Enterprise security isn’t allowed time off. It doesn’t shut down at 6pm and go home. It has to stay active and ready every moment of every day, writes MATTHEW KIBBY, Regional Director at VMware Sub-Saharan Africa.
Security has evolved into an almost living entity which has to adapt to new circumstances and challenges on an ongoing basis. It is also one of the least understood and often most ignored part of the business with many employees finding the rules and regulations tedious and annoying, things to be dodged and avoided rather than understood and adhered to. These attitudes to security have to change, especially as the threats continue to loom large on the enterprise horizon.
Organisations are, quite simply, becoming more and more vulnerable. Expansion into digital territory, commonplace cloud solutions and employees traversing globe and country with digital devices – all these factors impact security and its validity. So does the fact that most of the technology and mechanisms used by cyber-criminals are becoming increasingly sophisticated and most IT decision makers (ITDMs) don’t think they can keep up. In fact, most are concerned that the threats are moving faster than the defences.
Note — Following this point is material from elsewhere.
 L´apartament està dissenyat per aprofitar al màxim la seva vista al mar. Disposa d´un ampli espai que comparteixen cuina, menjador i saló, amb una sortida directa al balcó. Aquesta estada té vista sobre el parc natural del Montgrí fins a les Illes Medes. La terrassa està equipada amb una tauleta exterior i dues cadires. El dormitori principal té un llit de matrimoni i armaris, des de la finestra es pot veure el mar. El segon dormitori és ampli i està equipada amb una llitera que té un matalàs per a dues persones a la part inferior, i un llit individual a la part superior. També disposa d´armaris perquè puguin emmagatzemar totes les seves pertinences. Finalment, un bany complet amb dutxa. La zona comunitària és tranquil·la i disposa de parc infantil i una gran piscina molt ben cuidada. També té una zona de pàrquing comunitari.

Recent research undertaken by VMware and World Wide Worx with local IT Decision Makers, found that 30% of IT leadership anticipates a major attack on their firm within the next 90 days, a more worrying 16% expect one in the next few days. These statistics are compounded by the fact that 49% of South African IT decision makers (ITDMs) believe their organisation is vulnerable to a cyber-attack.
It’s not surprising to see why – for the research also showed that 8% of organisations won’t detect a cyber-attack unless 24 hours have gone by, 2% won’t realise one has happened at all, and 23% will take around an hour. In just that short period of time, information is gone and systems are compromised. And reputations may lie in expensive tatters.
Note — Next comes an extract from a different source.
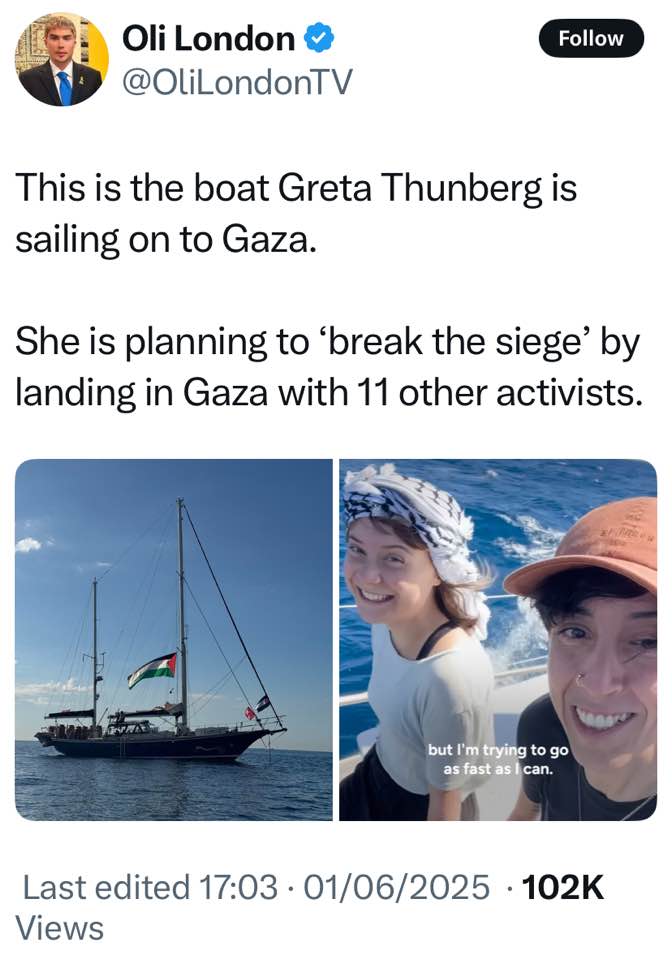 Now, we know the UK forces are there. We know that, if Israel attempts to attack the Madleen, the UK and the US have plenty of military hardware and people in the Med – they could help — they could protect the Madleen — or they could sit tight and exponentially increase the guilt on their heads.

The challenges around security are not only driven by digital business complexities and a growing mobile workforce – there is a dearth of robust security protocols which are known and adhered to by everyone. There needs to be more awareness around what security solutions are in place and what needs to be done across the organisation in an event of a breach. The survey found that 43% of South African enterprises had a plan in place, but that only part of the company was aware of it. Only 40% said the entire business knew of the plan and a nervous 10% either didn’t have a plan or didn’t know one existed.
While the 40% may well be ready and waiting for the daring cybercriminal to launch an attack, the rest are not. This is compounded by further research which revealed that one-fifth of employees are willing to breach security and those who are untrained or careless are the biggest threat. It is time for the business to drive compliance across the organisation and to ensure that the rules and regulations around security are clear, concise and accessible.
It is essential that the business develops strategic initiatives to combat threats to security, both internally and externally, and shows employees why these are of value. Take that dusty tome out of the drawer, get it up to date and get everyone on board. Even that guy in the C-Suite who thinks the rules don’t apply to him. They do.